Huff ("The Bird and Mr. Banks," "A Steady Rain") traces his narrative with quirky wit and colloquial skill ("Julie Moore, I wouldn't know how to make you if I were handed a toolbox and a set of instructions"). His sharp theatrical senses, however, have yet to locate the proper balance between character traits and human logic, cause and effect, inference and explication. The scope of the revelations falls rather beyond what short-form structure can accommodate, leaving more unanswered questions than resolutions by the hastily achieved ending.

Fortunately, director Robin Larsen's marvelous modernist staging and an accomplished cast drive the show, wedding enigmatic naturalism to satiric comment. Designer Craig Siebels does a shrewd scenic job, with invaluable help from Jeremy Pivnick's multilevel lighting, Jocelyn Hublau's costumes that help us instantly identify much about the characters, David B. Marling's thematic sound, and Adam Flemming's impressive projections.

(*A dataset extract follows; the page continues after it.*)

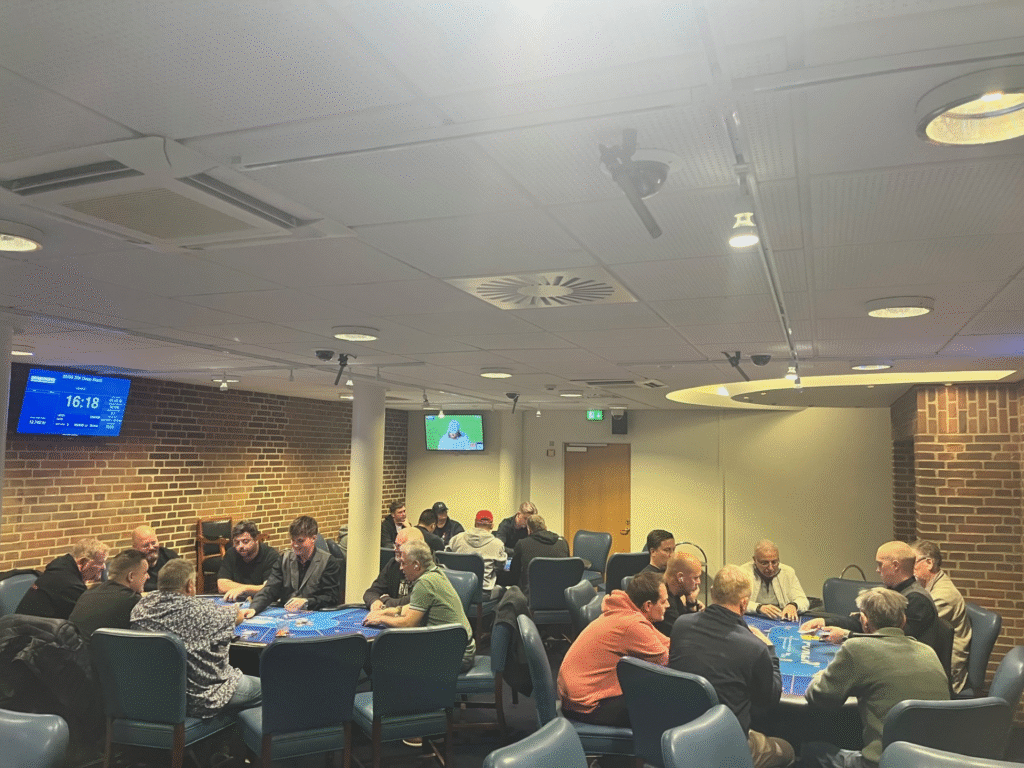 Næste gang med ugeturnering på Casino Munkebjerg er torsdag den 2. oktober kl. 18.30, hvor der igen er deepstack poker med 25.000 i stacken og et buy‑in på 500 kr. Tilmelding sker på Casino Munkebjergs hjemmeside.

St. Amant and Clyde make an edgy, endearing pair, handling the brainy humor and behavioral hairpin turns with considerable nuance. Knickerbocker and Herron display remarkable versatility as the parents, and they're hilarious in their sidebar turns as enthusiastic waiters. The pleasures of such able company mainly compensate for the involving yet problematic text, making this offbeat conversation-starter a genuine thinking person's date show.